● **Prompt**
Repeat the data below exactly, dropping any pictures it holds.

▬▬▬

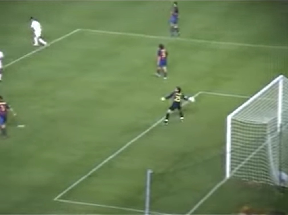 Farklı açılardan görüntüler izlendiğinde topu eliyle uzun mesafeye doğru oyuna sokarak Ronaldinho’ya ulaştıran kalecinin 25 numaralı formasıyla Víctor Valdés olduğu görülüyor.
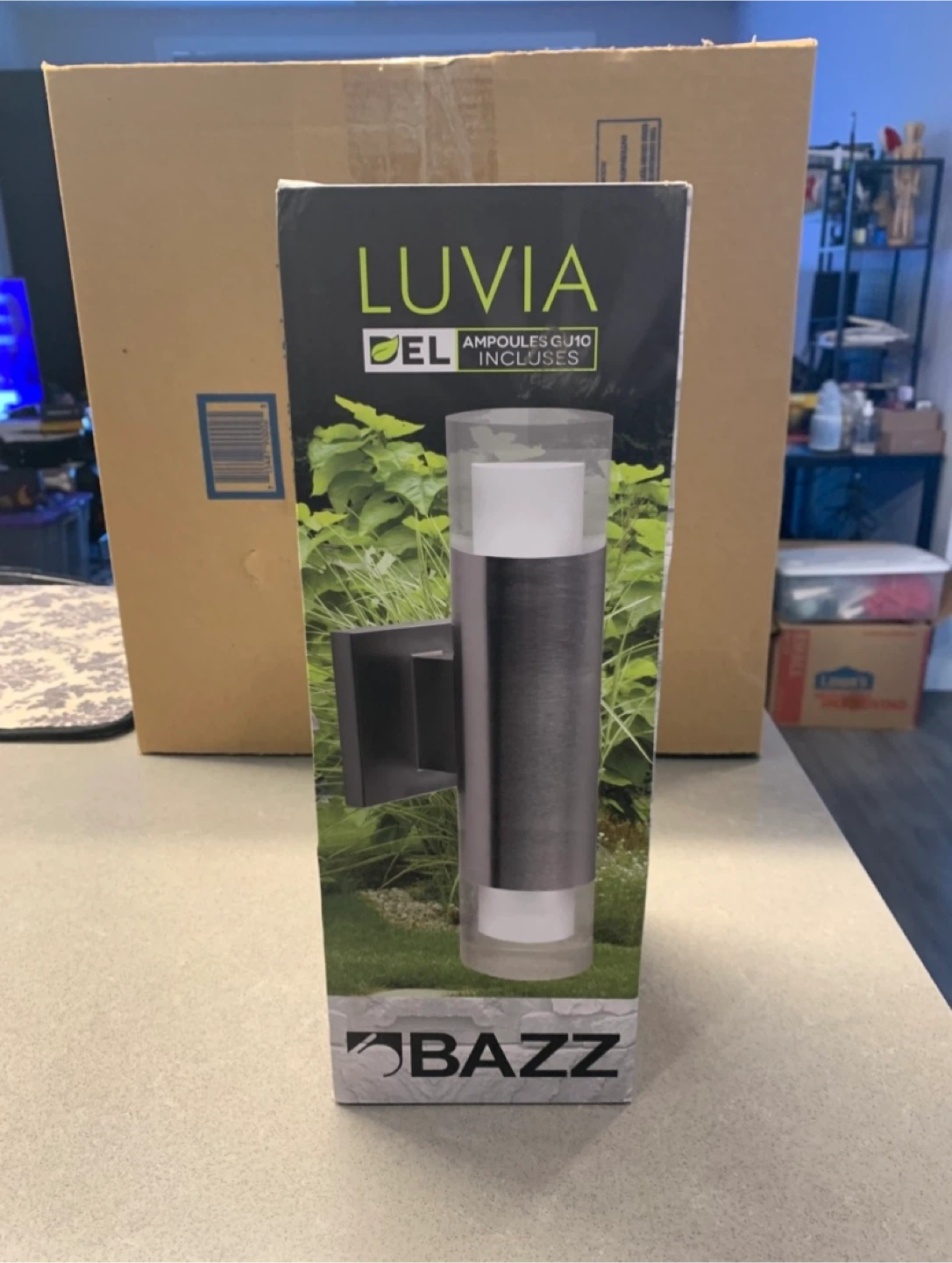This Bazz Luvia outdoor wall light fixture comes with 2 GU10 LED bulbs. It provides 940 lumens of soft white light. The fixture dimensions are 4 1/2” wide and 13 1/4” tall.
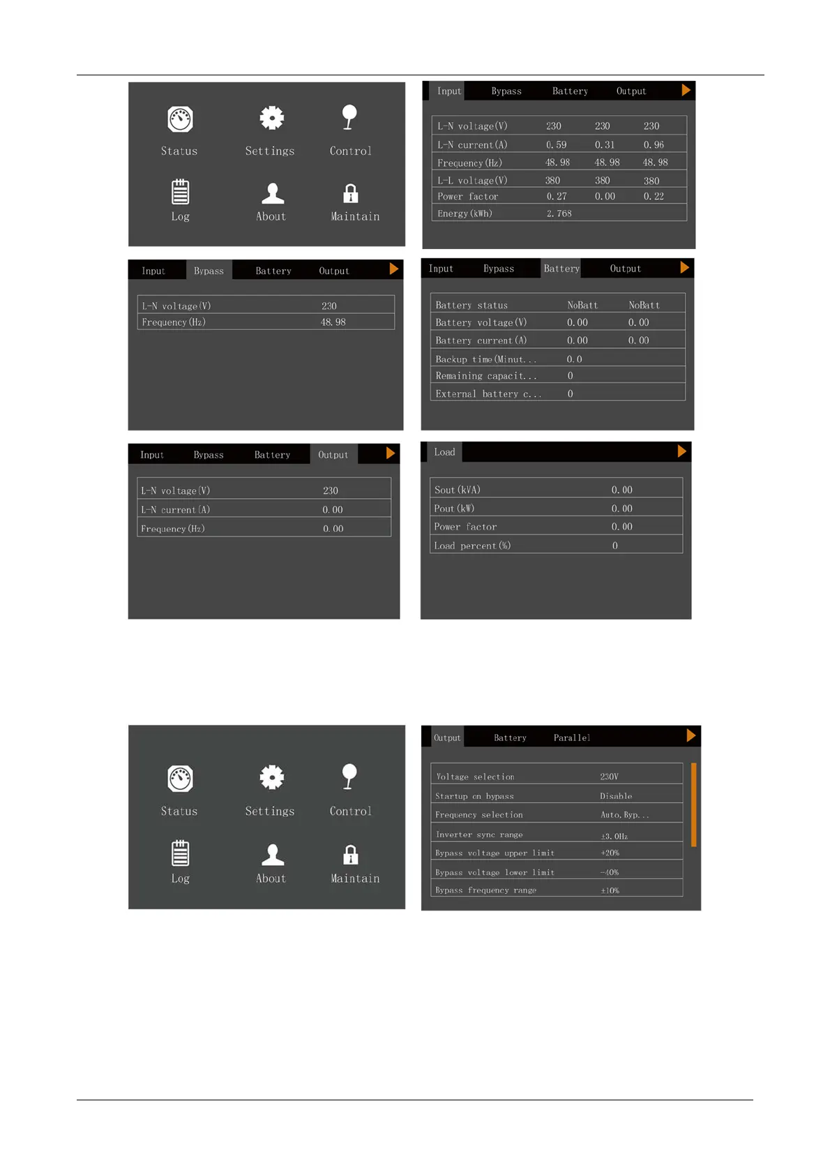 tings page can be used to access the Output, Battery, Parallel, Monitor, System, and Outlet settings. For
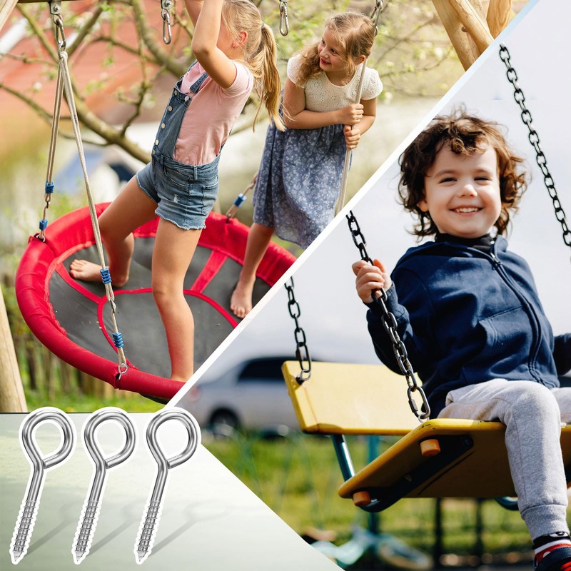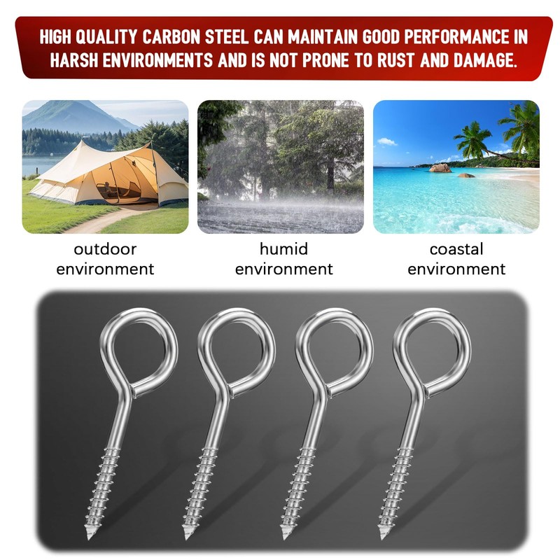 - EASY TO INSTALL: The simple structure of these eye bolts screw in hooks makes the installation process quick and convenient, without the need for complicated tools or professional skills. Ordinary people can also easily install screw eyes at home to hang items such as hammock swings.
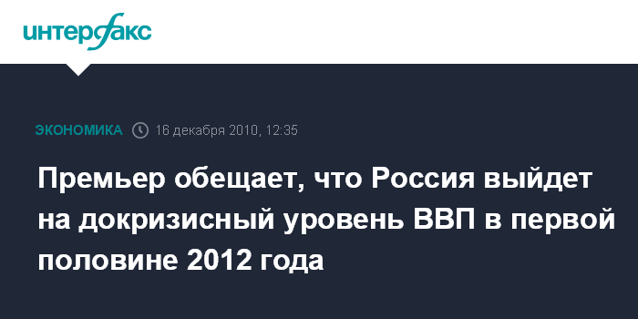 Москва. 16 декабря. INTERFAX.RU - Премьер-министр РФ Владимир Путин считает, что Россия в первой половине 2012 года выйдет на докризисный уровень экономики.
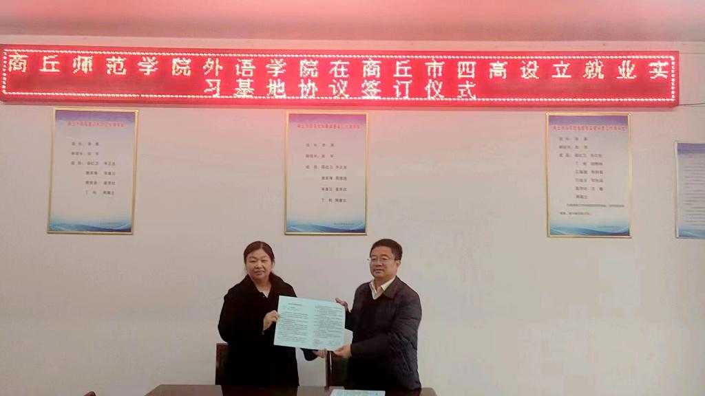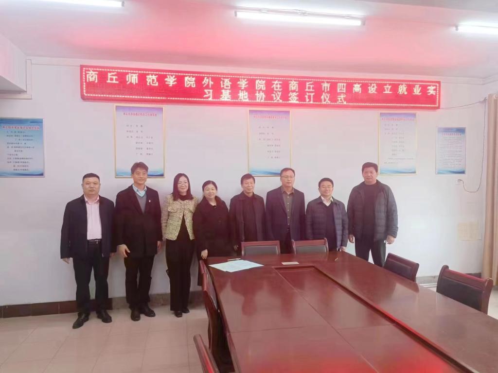 4月1日上午,公司领导班子一行赴商丘市第四高级中学开展访企拓岗促就业专项活动,与商丘市第四高级中学党委书记李晨、董事长苗军等领导进行座谈,并举行了就业实习基地协议签约仪式。
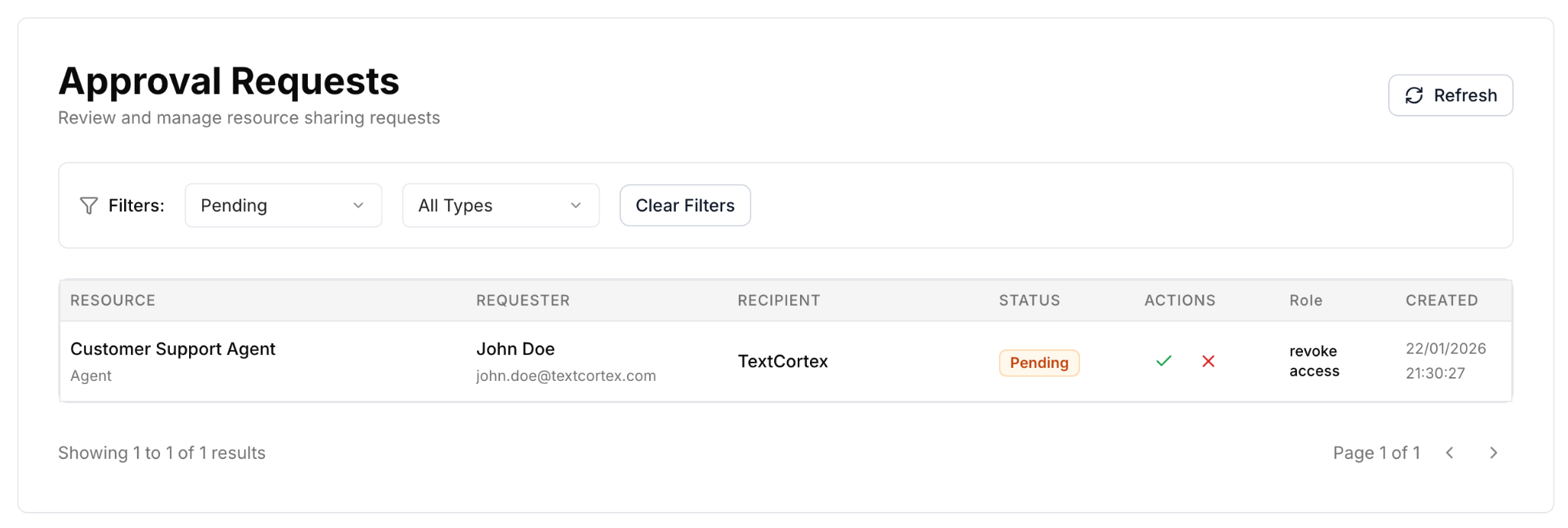Manage and review all resource sharing requests from your users.
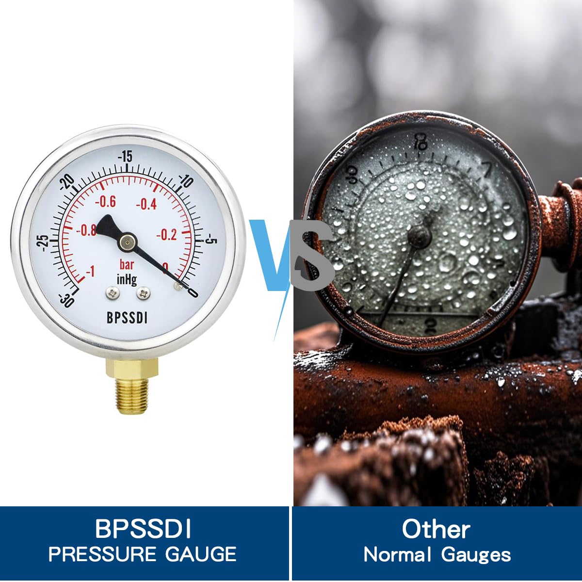 30inHg Vacuum Pressure Gauge, Water Pressure Gauge, 2.5" Dial Size, 1/8" NPT Lower Mount, 304 Stainless Steel Case, for Pneumatic Air Compressor RV Regulator Valve Test(with Tape)
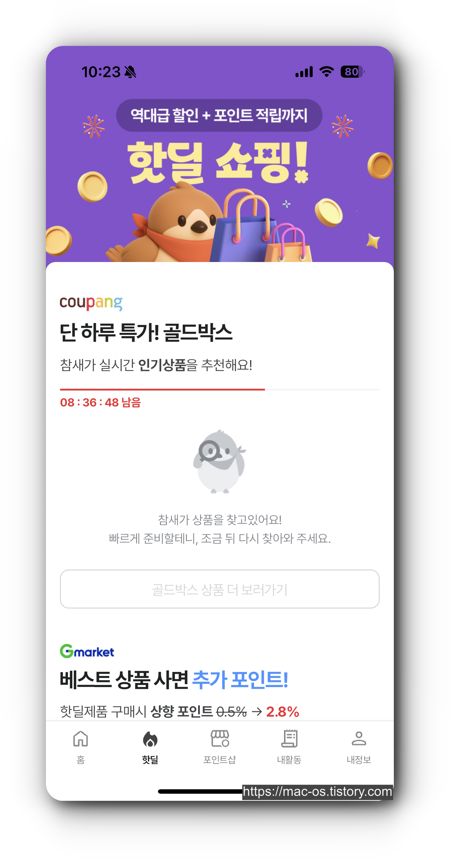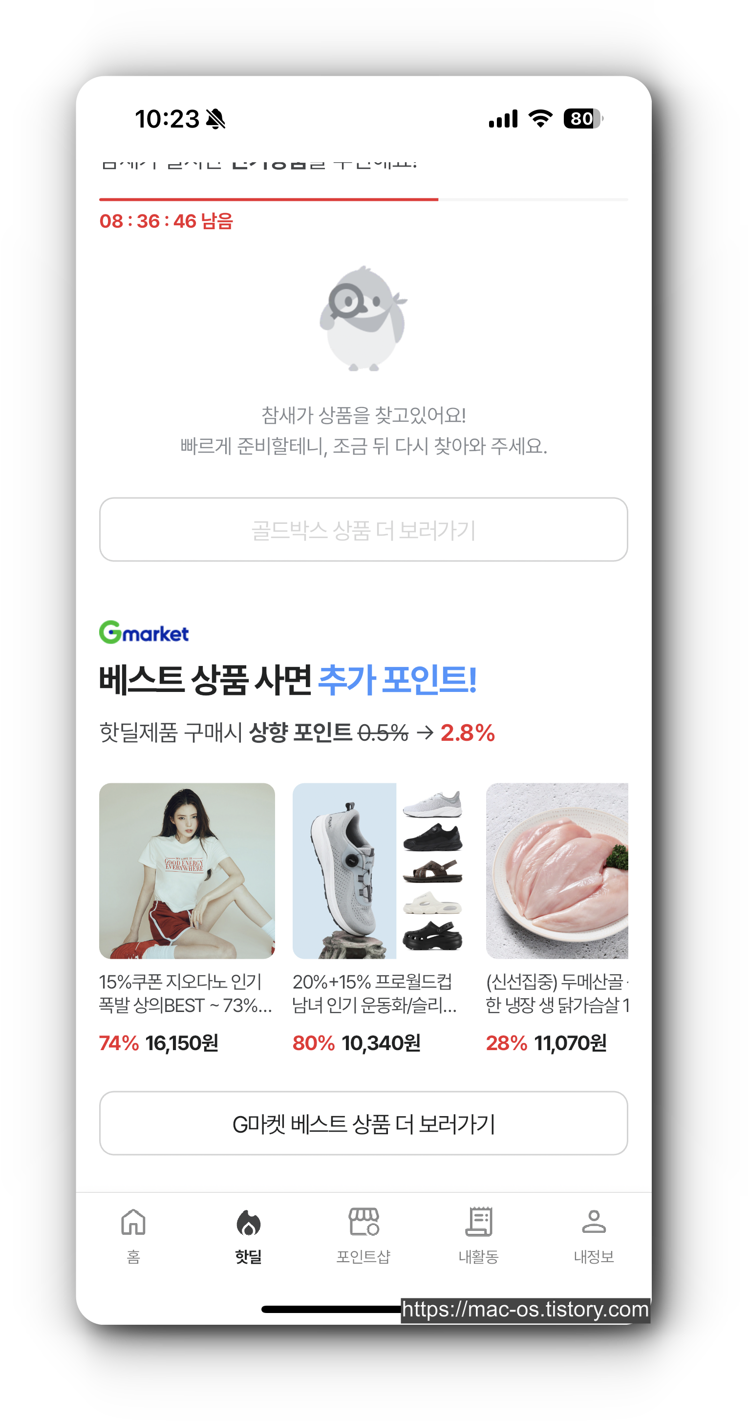 핫딜 페이지에서는 참새가 쿠팡 실시간 인기상품을 추천해주는 위젯과 G마켓 베스트 상품 사면 추가 포인트를 주는 위젯이 있습니다.
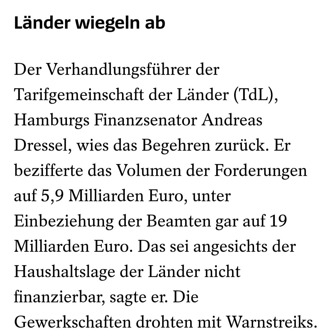 Ich bin gespannt, was unterm Strich rauskommt. Wahrscheinlich einmalig 2000 Euro Inflationsausgleich und 2,x % auf 24 Monate oder so ein Quatsch. Damit wird der Abstand zum TVöD noch größer.
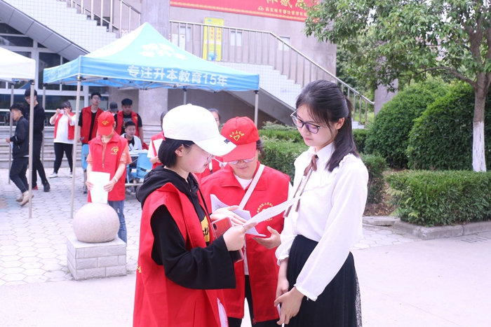 本网讯 为进一步加强学生金融风险防范意识,维护校园金融安全,打造校园金融净土。5月18日,经济管理系青年志愿者协会联合安徽财经大学青年志愿者协会在学院食堂门口举行金融知识进校园宣讲活动。
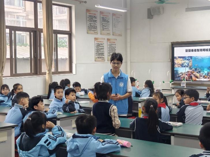 11月27日,永利集团304官网“蓝色梦想”科普队携国家自然科学基金科学传播类专项项目,再次走进南宁市金阳路小学,成功举办第六场海洋科普课。本次课程以“科学家精神传递与海洋奥秘探索”为主题,创新采用“双讲堂”并行模式,融信念传递、知识讲解与互动实践于一体,为师生带来一场沉浸式的海洋科普体验,进一步激发青少年的家园情怀与海洋保护意识。

▬▬▬

● **Answer to the exercise**
 Farklı açılardan görüntüler izlendiğinde topu eliyle uzun mesafeye doğru oyuna sokarak Ronaldinho’ya ulaştıran kalecinin 25 numaralı formasıyla Víctor Valdés olduğu görülüyor.
This Bazz Luvia outdoor wall light fixture comes with 2 GU10 LED bulbs. It provides 940 lumens of soft white light. The fixture dimensions are 4 1/2” wide and 13 1/4” tall.
 tings page can be used to access the Output, Battery, Parallel, Monitor, System, and Outlet settings. For
 - EASY TO INSTALL: The simple structure of these eye bolts screw in hooks makes the installation process quick and convenient, without the need for complicated tools or professional skills. Ordinary people can also easily install screw eyes at home to hang items such as hammock swings.
 Москва. 16 декабря. INTERFAX.RU - Премьер-министр РФ Владимир Путин считает, что Россия в первой половине 2012 года выйдет на докризисный уровень экономики.
 4月1日上午,公司领导班子一行赴商丘市第四高级中学开展访企拓岗促就业专项活动,与商丘市第四高级中学党委书记李晨、董事长苗军等领导进行座谈,并举行了就业实习基地协议签约仪式。
Manage and review all resource sharing requests from your users.
 30inHg Vacuum Pressure Gauge, Water Pressure Gauge, 2.5" Dial Size, 1/8" NPT Lower Mount, 304 Stainless Steel Case, for Pneumatic Air Compressor RV Regulator Valve Test(with Tape)
 핫딜 페이지에서는 참새가 쿠팡 실시간 인기상품을 추천해주는 위젯과 G마켓 베스트 상품 사면 추가 포인트를 주는 위젯이 있습니다.
 Ich bin gespannt, was unterm Strich rauskommt. Wahrscheinlich einmalig 2000 Euro Inflationsausgleich und 2,x % auf 24 Monate oder so ein Quatsch. Damit wird der Abstand zum TVöD noch größer.
 本网讯 为进一步加强学生金融风险防范意识,维护校园金融安全,打造校园金融净土。5月18日,经济管理系青年志愿者协会联合安徽财经大学青年志愿者协会在学院食堂门口举行金融知识进校园宣讲活动。
 11月27日,永利集团304官网“蓝色梦想”科普队携国家自然科学基金科学传播类专项项目,再次走进南宁市金阳路小学,成功举办第六场海洋科普课。本次课程以“科学家精神传递与海洋奥秘探索”为主题,创新采用“双讲堂”并行模式,融信念传递、知识讲解与互动实践于一体,为师生带来一场沉浸式的海洋科普体验,进一步激发青少年的家园情怀与海洋保护意识。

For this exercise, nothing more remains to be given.